What this task involves
Exactly retype the opening line of the entries and every line after it, ending with the line that contains "NOS Heuer Solunar". Skip all pictures.

Excerpts from a dataset
===============

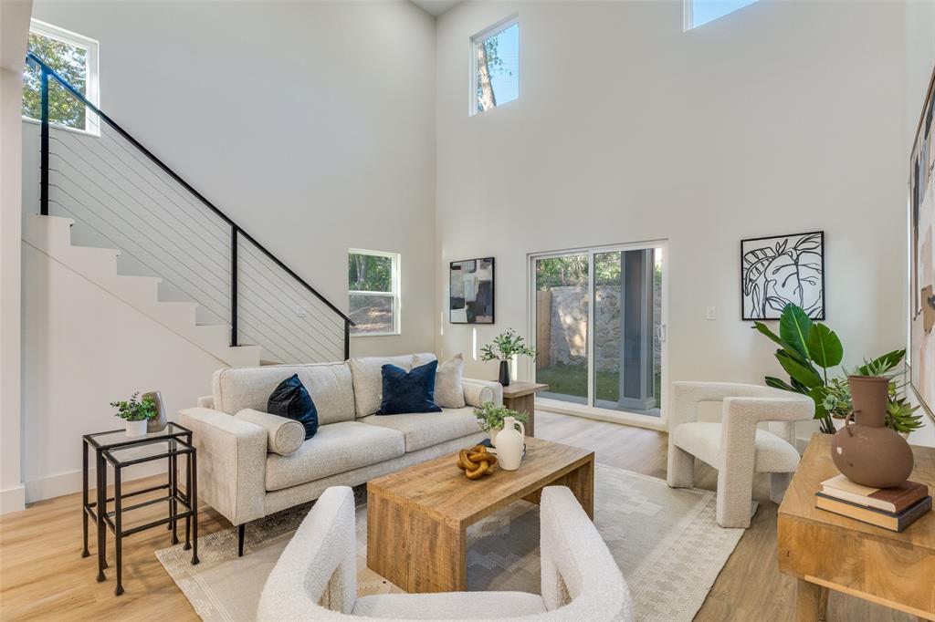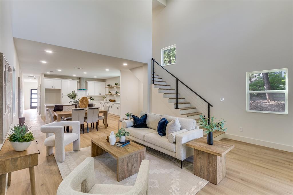 Step into the 20-foot ceiling living room, a dramatic space ideal for hosting gatherings or simply unwinding in comfort. The chef-inspired kitchen is the centerpiece of the home, thoughtfully designed for both cooking and entertaining with sleek finishes, premium appliances, and an open layout that flows seamlessly into the dining and living areas.
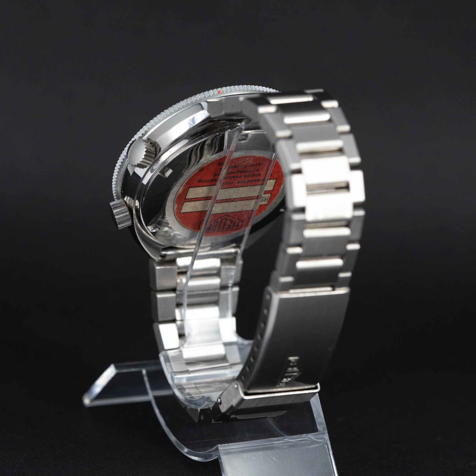 NOS Heuer Solunar Automatic ref.279.603 vuodelta 1976-78. Harvinainen vuorovesien laskemiseen suunniteltu automaattirannekello. Käyttämätön yksilö alkuperäisellä Heuerin teräsranteella. Kellotaulu ja osoittimet ovat virheettömät. Virheetön teräskuori, hyvin kevyitä poikittaisia naarmuja takapohjassa mahdollisesti kellotelineen jäljiltä. Takapohjassa on alkuperäinen Heuer tarra. Koneisto on Eta 2790-1 ja juuri täysin huollettu. Kuoren koko on 45mm.
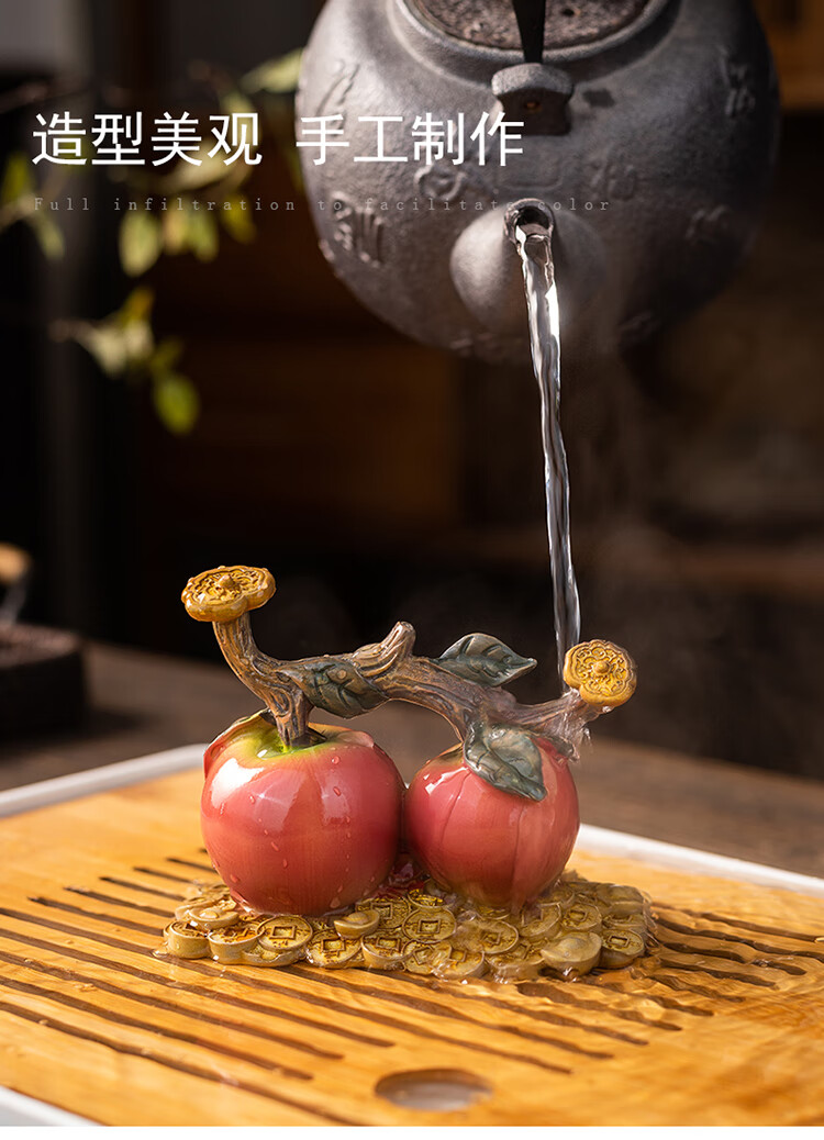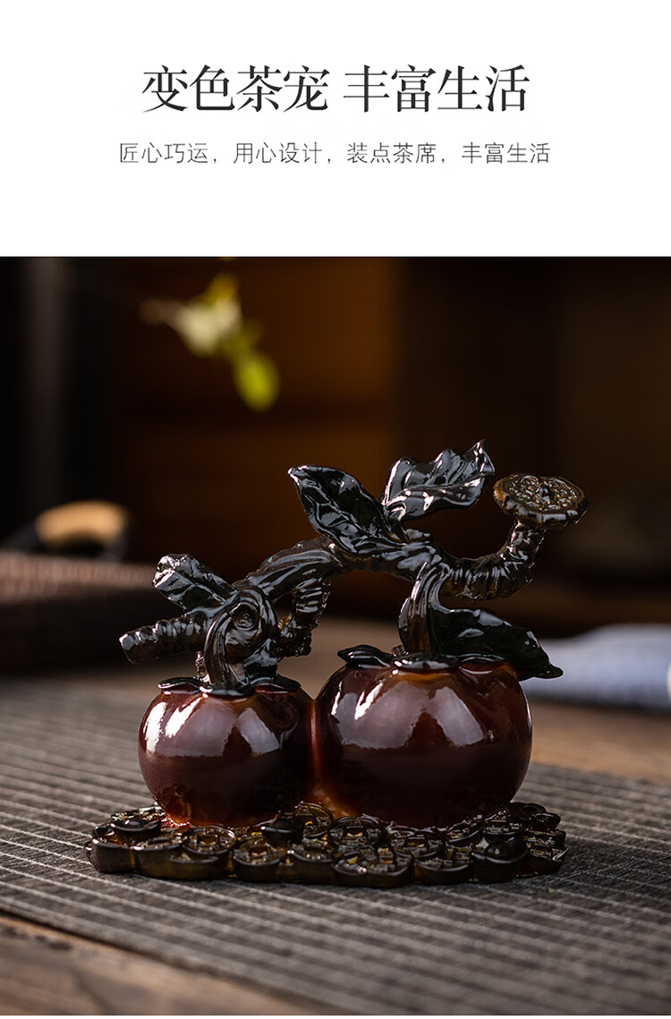 SMVP Shishi Ruyi Color Changing Tea Pet Ornament Boutique Can Raise Persimmon Pomegranate Tea Play Tea Treasure Tea Table Tea Table Tea Ceremony Shishi Ruyi (Persimmon)
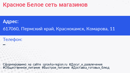 Красное & Белое, сеть магазинов по адресу 617060, Пермский край, Краснокамск, Комарова, 11 в дальнейшем Организация, размещена в следующих категориях:
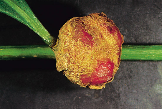 發生於一年生枝條,為聚生蟲癭。癭體深褐色,長約 7mm,寬約 3mm。初期呈紅色, 成長期才逐漸露出褐色膨大基座。蟲室內部有單隻黃色造癭幼蟲(Diptera:Cecidomyiidae), 約於早春化蛹,由頂端羽化孔釋出。
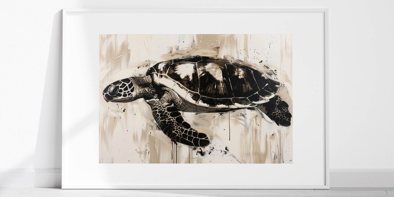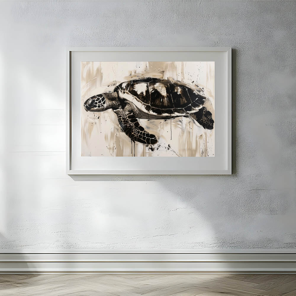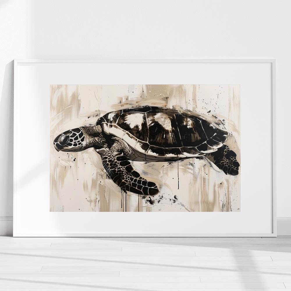 Introduce a bold, artistic statement to your space with this abstract turtle art. Featuring a dynamic blend of black, white, and beige tones, this artwork reimagines the beauty of a sea turtle in a strikingly modern, abstract style. The fluid lines and splashes of color create a sense of movement and energy, making this piece perfect for contemporary interiors that embrace creativity and bold design choices. Ideal for art lovers and those looking to elevate their decor, this artwork is available in a range of formats to suit your style.
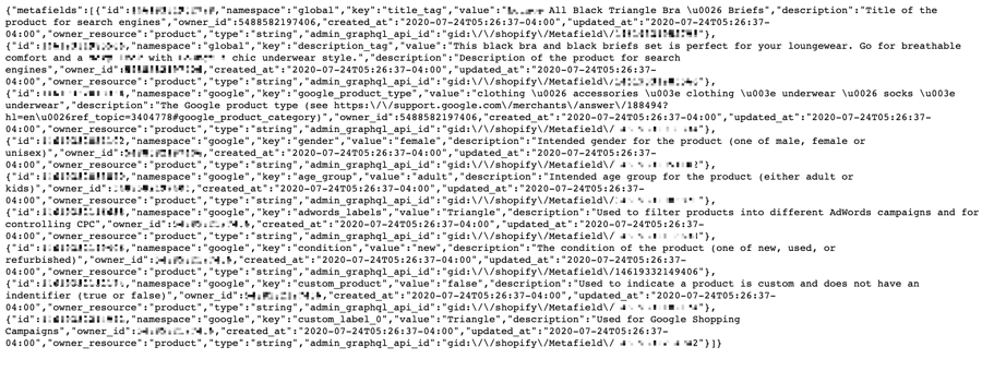 In Shopify you can access a sample entity (e.g. a product or an order) in the Shopify admin console and then append the following to the URL:
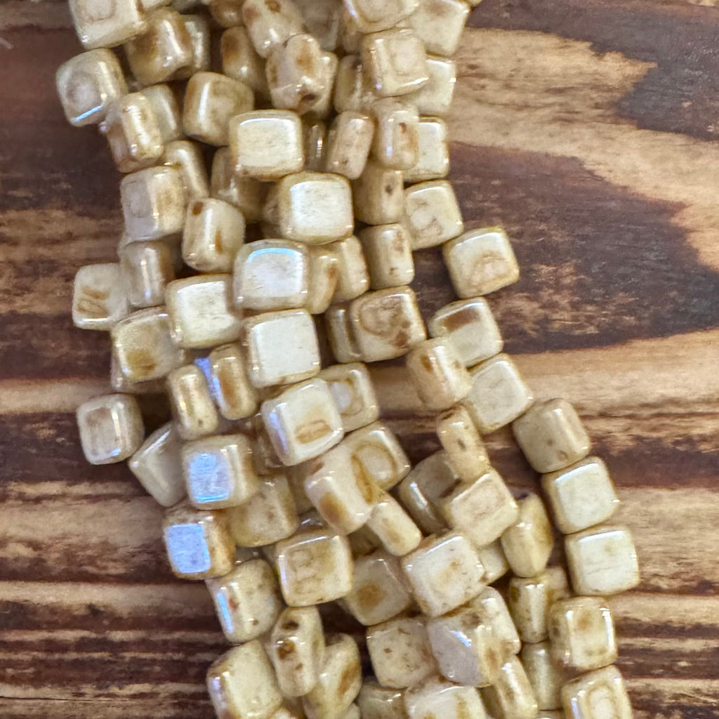 Lot-002 - Czech Glass 2 Hole Tile Beads, Picasso Tan, 6mm | 9 Strands

===============

Task response
 Step into the 20-foot ceiling living room, a dramatic space ideal for hosting gatherings or simply unwinding in comfort. The chef-inspired kitchen is the centerpiece of the home, thoughtfully designed for both cooking and entertaining with sleek finishes, premium appliances, and an open layout that flows seamlessly into the dining and living areas.
 NOS Heuer Solunar Automatic ref.279.603 vuodelta 1976-78. Harvinainen vuorovesien laskemiseen suunniteltu automaattirannekello. Käyttämätön yksilö alkuperäisellä Heuerin teräsranteella. Kellotaulu ja osoittimet ovat virheettömät. Virheetön teräskuori, hyvin kevyitä poikittaisia naarmuja takapohjassa mahdollisesti kellotelineen jäljiltä. Takapohjassa on alkuperäinen Heuer tarra. Koneisto on Eta 2790-1 ja juuri täysin huollettu. Kuoren koko on 45mm.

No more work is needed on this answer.